NEW DELHI: Finance Minister Arun Jaitley today hinted at pruning the list of items in the highest GST tax bracket of 28 per cent after revenue in the new regime equalise collections previously.

Under the Goods and Services Tax (GST) regime implemented from July, over 1,200 products and services have been fitted into one of the 5, 12, 18 and 28 per cent tax slabs based on the principle of keeping the total tax incidence at almost the same level as previously as well as keeping revenue collections neutral.

Jaitley said some of the items should never have been in the 28 per cent slab and the GST Council in the last 3-4 meetings has slashed rates on over 100 items, thereby bringing them down either from 28 per cent to 18 per cent or from 18 per cent to 12 per cent."We have been gradually bringing them down.

The whole idea is, as your revenue collections neutralise we must prune it and that's the pattern in which the Council has so far been functioning. I see that as a future guide as far as the Council is concerned," Jaitley said at the India Today Conclave here.

The GST Council is scheduled to meet next on November 10 and may consider lowering tax rates on a host of goods such as handmade furniture, plastic products and daily use items like shampoo.The Council last month approved an Approach Paper to be followed by the fitment committee while deciding on future rate revisions.

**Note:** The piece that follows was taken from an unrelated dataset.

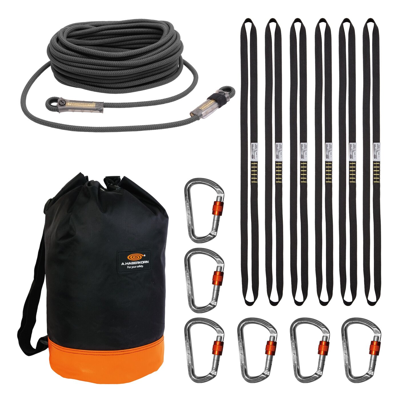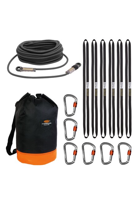 Das SET-ARAX besteht aus einem flammfesten Aramid-Seil, sowie flammfesten Bandschlingen und Karabinern aus Aluminium, das speziell zur Anwendung in Kombination mit dem Dräger Safety-Belt entwickelt wurde.
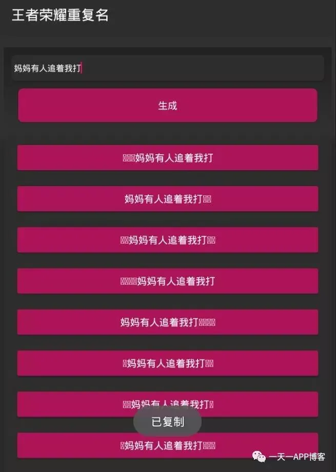 会生成好多重复的名字,点一下就复制了。我们复制一个出来看看效果

He said consumers are noticing the tax paid on goods they buy in the GST regime as previously excise duty was embedded in the price of the product.Under the Goods and Services Tax (GST) regime, which has subsumed more than a dozen central and state levies including excise duty, service tax and VAT, is a more transparent tax.
The product, in the previous regime, "didn't show you are paying so much excise (duty)," he said.